### What the task requires:
From the listing below, please restate exactly the lines beginning at the one with "さて、ここからですよ。中力粉" and ending at the one with "Oboustranný povlak na", both included, and skip the pictures.

### Source data:
# # # # # # #

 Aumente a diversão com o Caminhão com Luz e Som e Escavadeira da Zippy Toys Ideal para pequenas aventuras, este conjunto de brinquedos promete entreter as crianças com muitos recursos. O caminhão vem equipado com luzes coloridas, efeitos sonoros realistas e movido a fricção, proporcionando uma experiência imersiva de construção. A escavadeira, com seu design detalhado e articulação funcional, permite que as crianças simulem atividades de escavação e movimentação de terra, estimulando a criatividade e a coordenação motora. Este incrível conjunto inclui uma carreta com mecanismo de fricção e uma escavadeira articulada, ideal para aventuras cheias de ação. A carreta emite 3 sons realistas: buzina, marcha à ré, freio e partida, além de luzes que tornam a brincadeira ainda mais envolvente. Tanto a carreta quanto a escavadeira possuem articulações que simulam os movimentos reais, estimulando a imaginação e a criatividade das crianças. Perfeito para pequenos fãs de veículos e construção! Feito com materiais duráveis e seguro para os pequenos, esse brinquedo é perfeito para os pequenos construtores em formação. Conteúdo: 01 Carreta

# # # # # # #

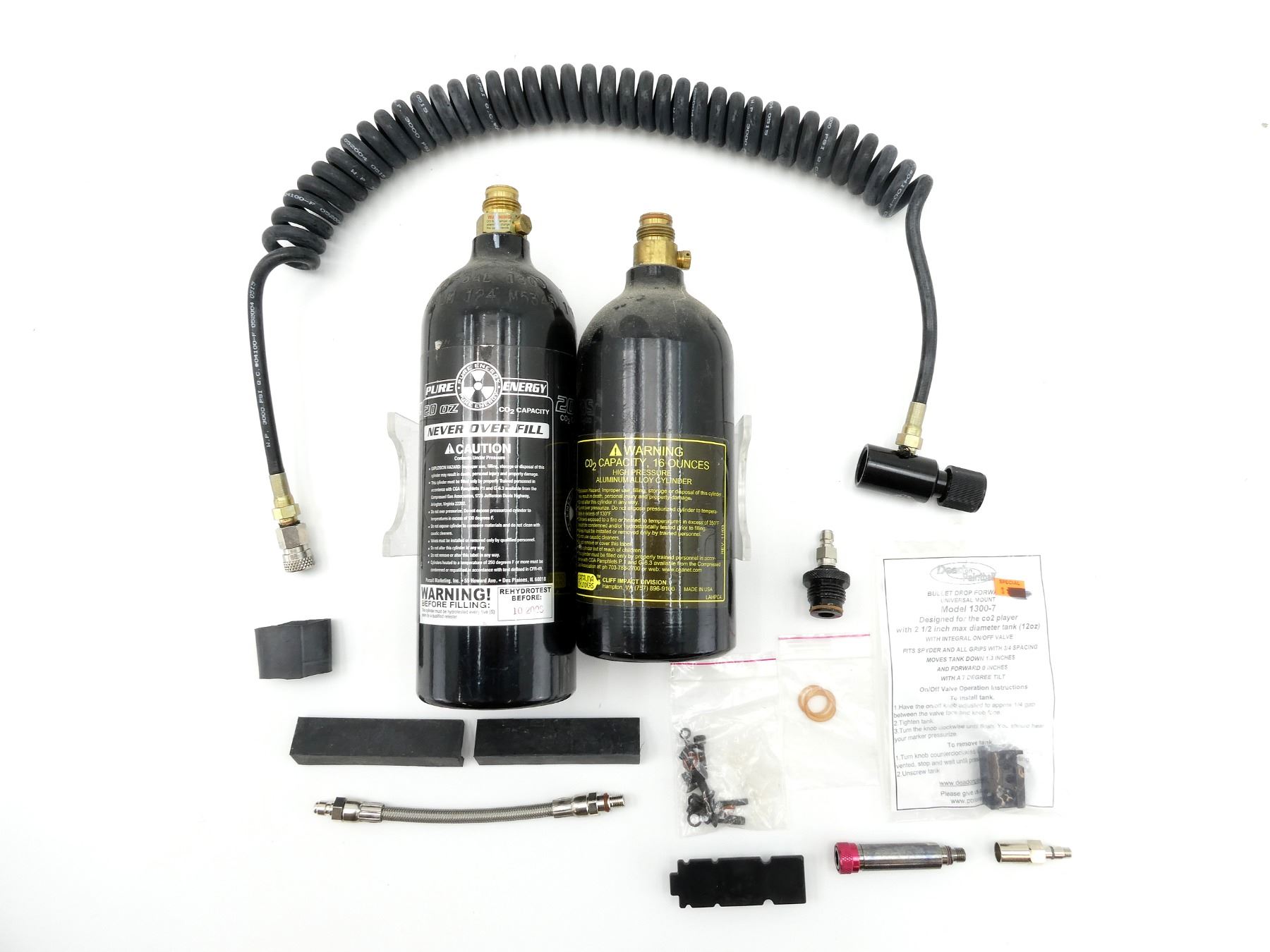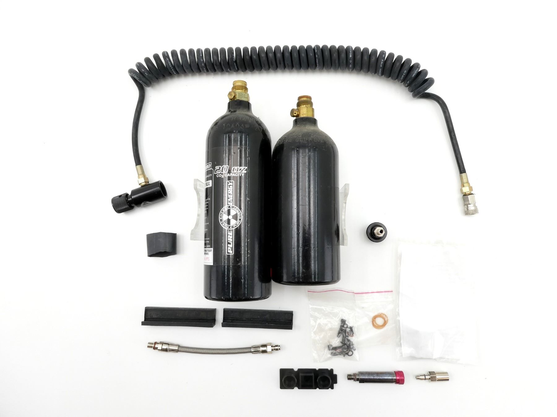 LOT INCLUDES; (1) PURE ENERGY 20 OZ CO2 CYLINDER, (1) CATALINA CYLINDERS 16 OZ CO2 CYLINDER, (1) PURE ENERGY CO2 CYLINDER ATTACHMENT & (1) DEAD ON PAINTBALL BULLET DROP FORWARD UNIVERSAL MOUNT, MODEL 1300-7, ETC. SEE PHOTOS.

# # # # # # #

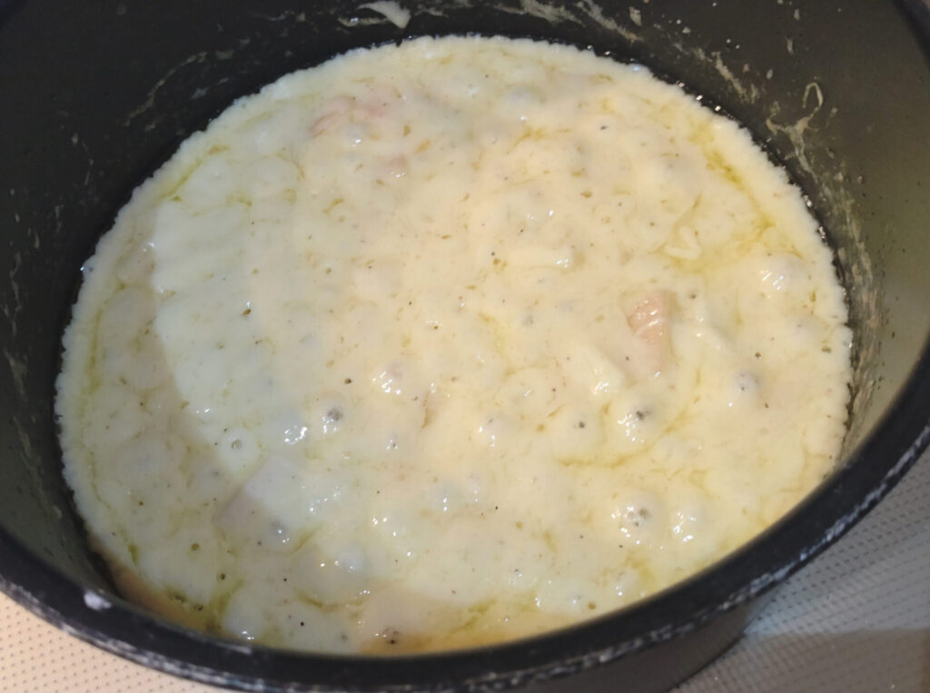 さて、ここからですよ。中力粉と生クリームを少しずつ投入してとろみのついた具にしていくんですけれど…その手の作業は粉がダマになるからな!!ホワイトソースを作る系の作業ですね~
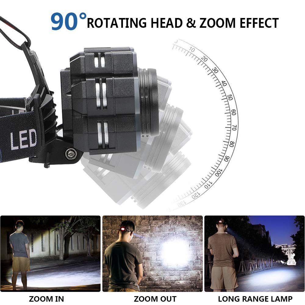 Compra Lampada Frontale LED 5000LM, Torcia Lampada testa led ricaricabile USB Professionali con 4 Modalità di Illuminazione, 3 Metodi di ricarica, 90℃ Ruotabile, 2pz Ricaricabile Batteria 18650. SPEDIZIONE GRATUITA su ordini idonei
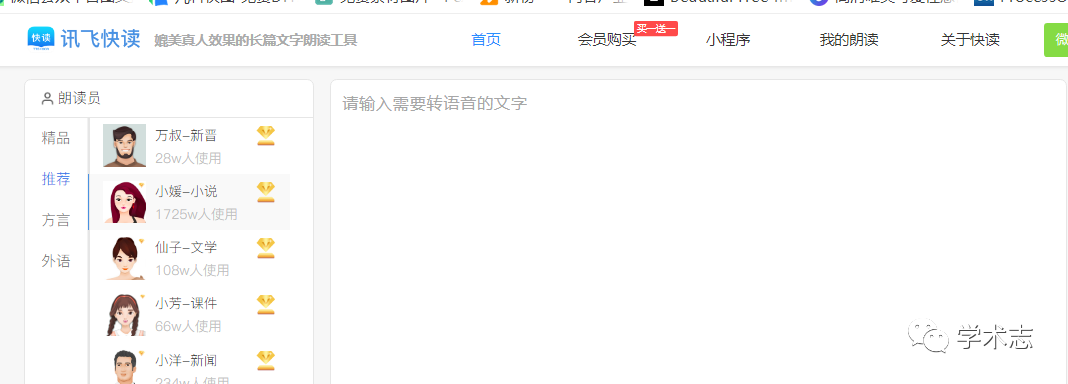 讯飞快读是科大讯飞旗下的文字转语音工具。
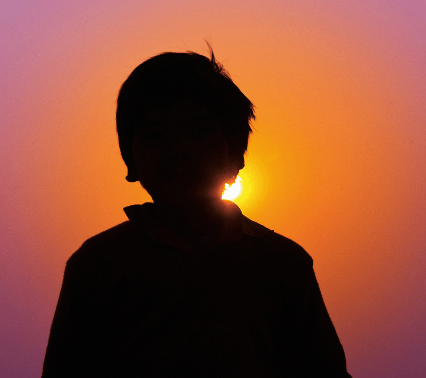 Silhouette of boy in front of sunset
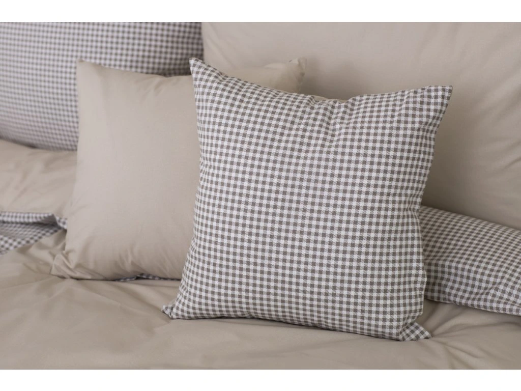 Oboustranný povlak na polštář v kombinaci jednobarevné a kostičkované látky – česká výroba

# # # # # # #

### Response to the exercise:
 さて、ここからですよ。中力粉と生クリームを少しずつ投入してとろみのついた具にしていくんですけれど…その手の作業は粉がダマになるからな!!ホワイトソースを作る系の作業ですね~
 Compra Lampada Frontale LED 5000LM, Torcia Lampada testa led ricaricabile USB Professionali con 4 Modalità di Illuminazione, 3 Metodi di ricarica, 90℃ Ruotabile, 2pz Ricaricabile Batteria 18650. SPEDIZIONE GRATUITA su ordini idonei
 讯飞快读是科大讯飞旗下的文字转语音工具。
 Silhouette of boy in front of sunset
 Oboustranný povlak na polštář v kombinaci jednobarevné a kostičkované látky – česká výroba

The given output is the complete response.